The batteries could last a dozen years. They're being developed at Rochester, and the technology has been licensed by BetaBatt Inc.

The technology is called betavoltaics. It uses a silicon wafer to capture electrons emitted by a radioactive gas, such as tritium. It is similar to the mechanics of converting sunlight into electricity in a solar panel. Until now, betavoltaics has been unable to match solar-cell efficiency. The reason is simple: When the gas decays, its electrons shoot out in all directions. Many of them are lost.
"For 50 years, people have been investigating converting simple nuclear decay into usable energy, but the yields were always too low. We've found a way to make the interaction much more efficient, and we hope these findings will lead to a new kind of battery that can pump out energy for years."

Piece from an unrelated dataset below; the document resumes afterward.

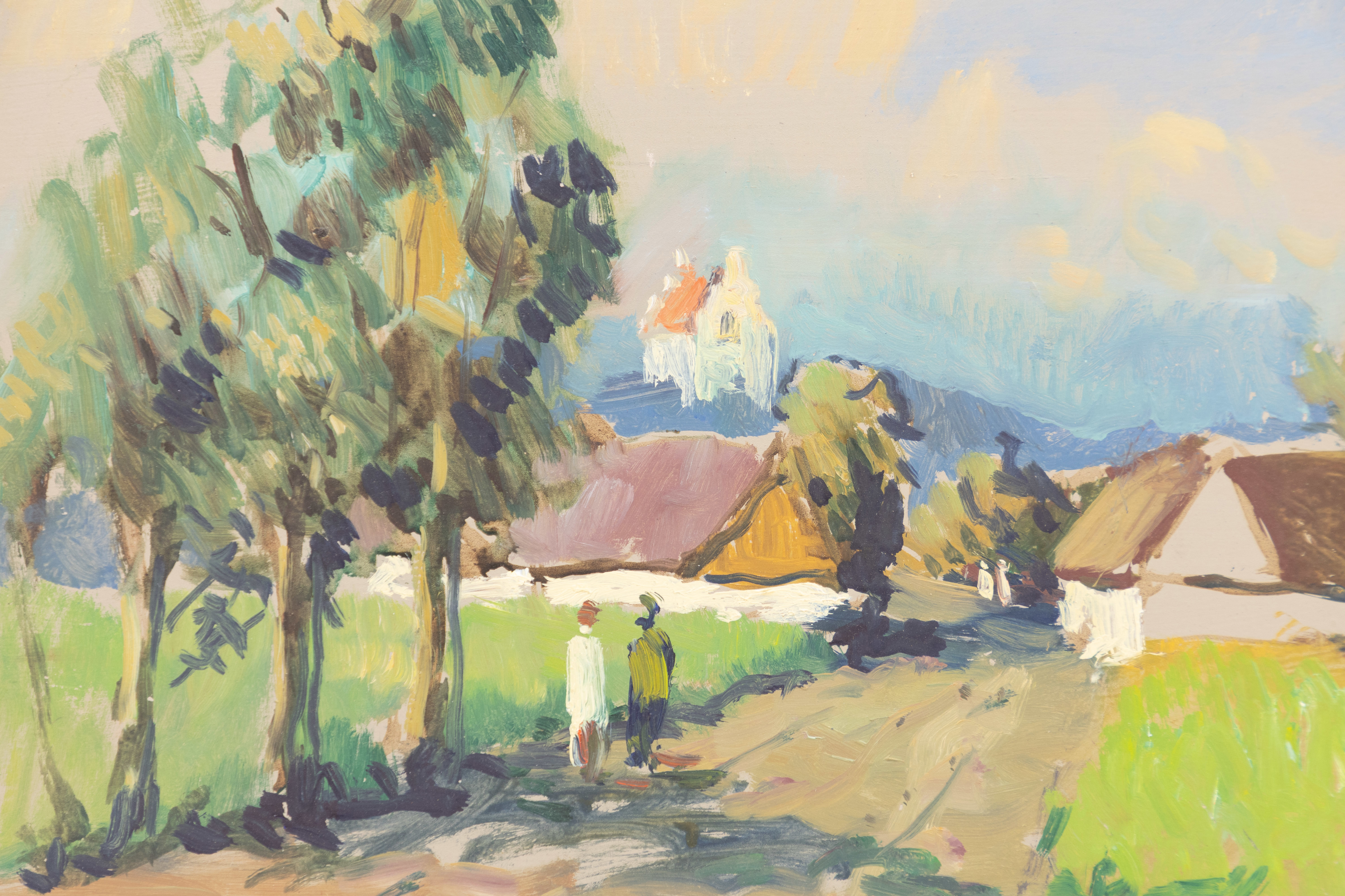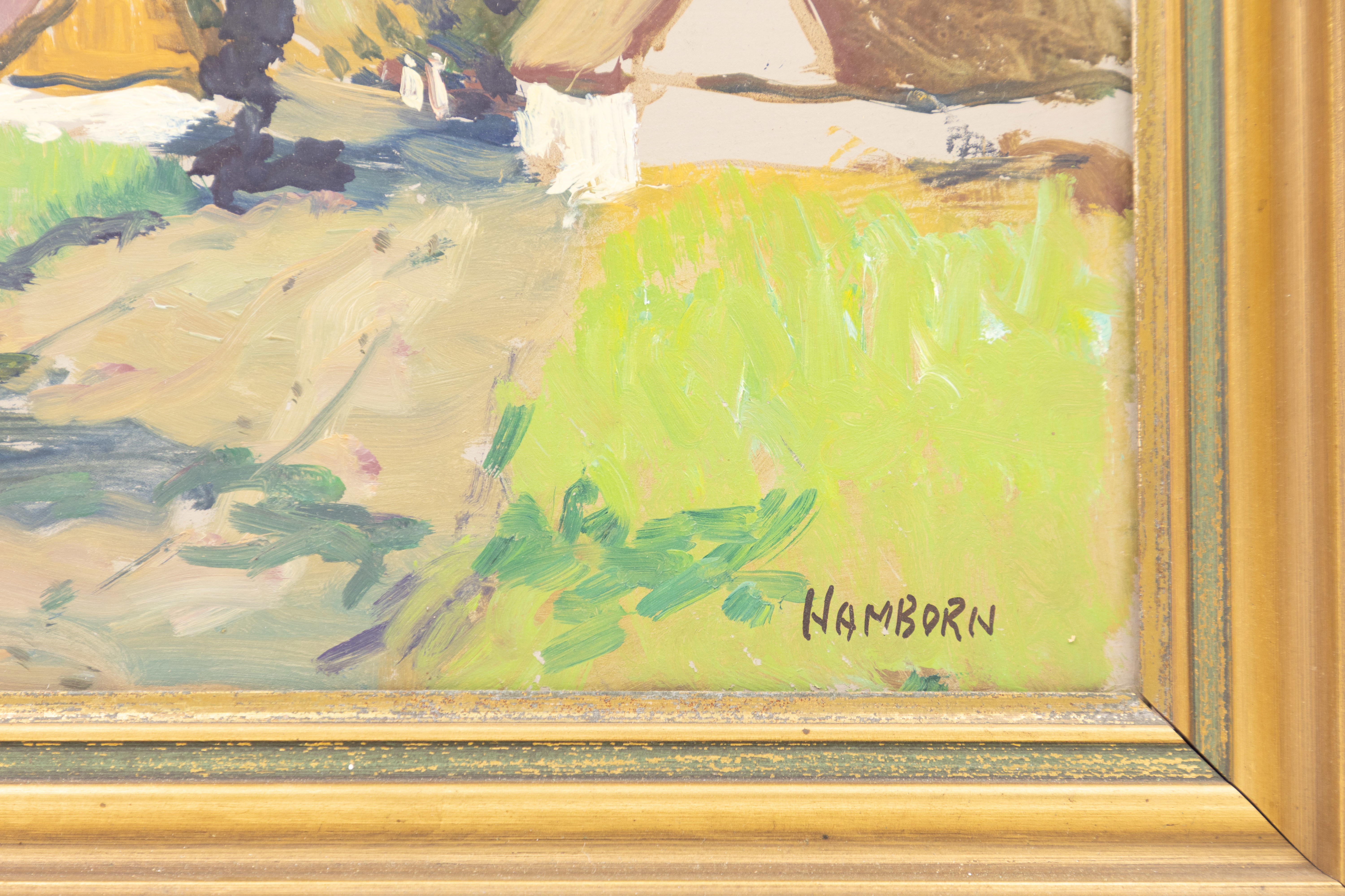 Axel Hamborn, olja på pannå, motiv med kyrka i bakgrunden, signerad, 56 x 48 cm med ram

Fauchet's team took the flat silicon surface, where the electrons are captured and converted to a current, and turned it into a three-dimensional surface by adding deep pits. Each pit is about 1 micron wide. That's four ten-thousandths of an inch. They're more than 40 microns deep. Tritium is a radioactive form of hydrogen. Mixed with chemicals that emit light, it is used to illuminate exit signs without electricity the sort commonly found in schools and other public buildings.
"It is safe and can be implanted in the body. The energetic particles emitted by tritium do not penetrate inside the skin."
Tritium emits only low-energy particles "that can be shielded by very thin materials, such as a sheet of paper. The hermetically-sealed, metallic BetaBattery cases will encapsulate the entire radioactive energy source, just like a normal battery contains its chemical source so it cannot escape."